- _DIRECTIONS FOR THIS TASK_
From the first line to the last, copy the listing exactly and omit the pictures.

- _DATA SECTION_

※

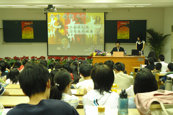4月25日晚,著名东方奇幻小说家江南先生成为“共青讲堂”第十三位嘉宾,应邀来到我校与我校同学作近距离交流。江南先生在广大高校学子之间有着非常高的知名度,演讲所在的教室早早地就坐满了翘首以盼的热心观众。到了七点,主持人走上讲台,还没来得及宣布,观众已经发觉了江先生的到来,不约而同地鼓起掌来。
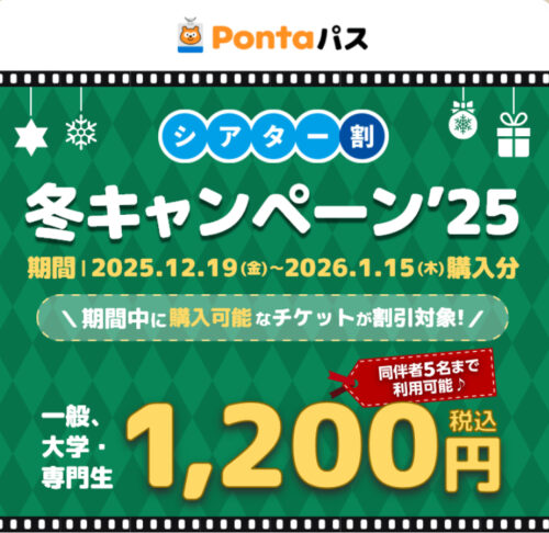 『シアター割』の割引クーポンを利用すると「チケット料金 一般」が1人あたり最大800円OFFなので、お得でオススメです。
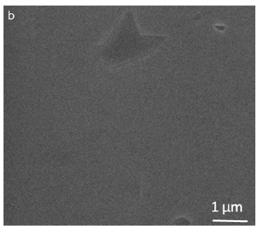 在生长了8μm的Ge之后,表面由细长的微晶制成,该微晶由间隙隔开,宽度为几十纳米,完美地平铺了基板,如图1a所示。图1b显示了生长之后的原位热退火循环后的Ge表面,该循环包括6个循环,每个循环2分钟(600°C到800°C)。

※

- _OUTPUT FOR THIS EXERCISE_
4月25日晚,著名东方奇幻小说家江南先生成为“共青讲堂”第十三位嘉宾,应邀来到我校与我校同学作近距离交流。江南先生在广大高校学子之间有着非常高的知名度,演讲所在的教室早早地就坐满了翘首以盼的热心观众。到了七点,主持人走上讲台,还没来得及宣布,观众已经发觉了江先生的到来,不约而同地鼓起掌来。
 『シアター割』の割引クーポンを利用すると「チケット料金 一般」が1人あたり最大800円OFFなので、お得でオススメです。
 在生长了8μm的Ge之后,表面由细长的微晶制成,该微晶由间隙隔开,宽度为几十纳米,完美地平铺了基板,如图1a所示。图1b显示了生长之后的原位热退火循环后的Ge表面,该循环包括6个循环,每个循环2分钟(600°C到800°C)。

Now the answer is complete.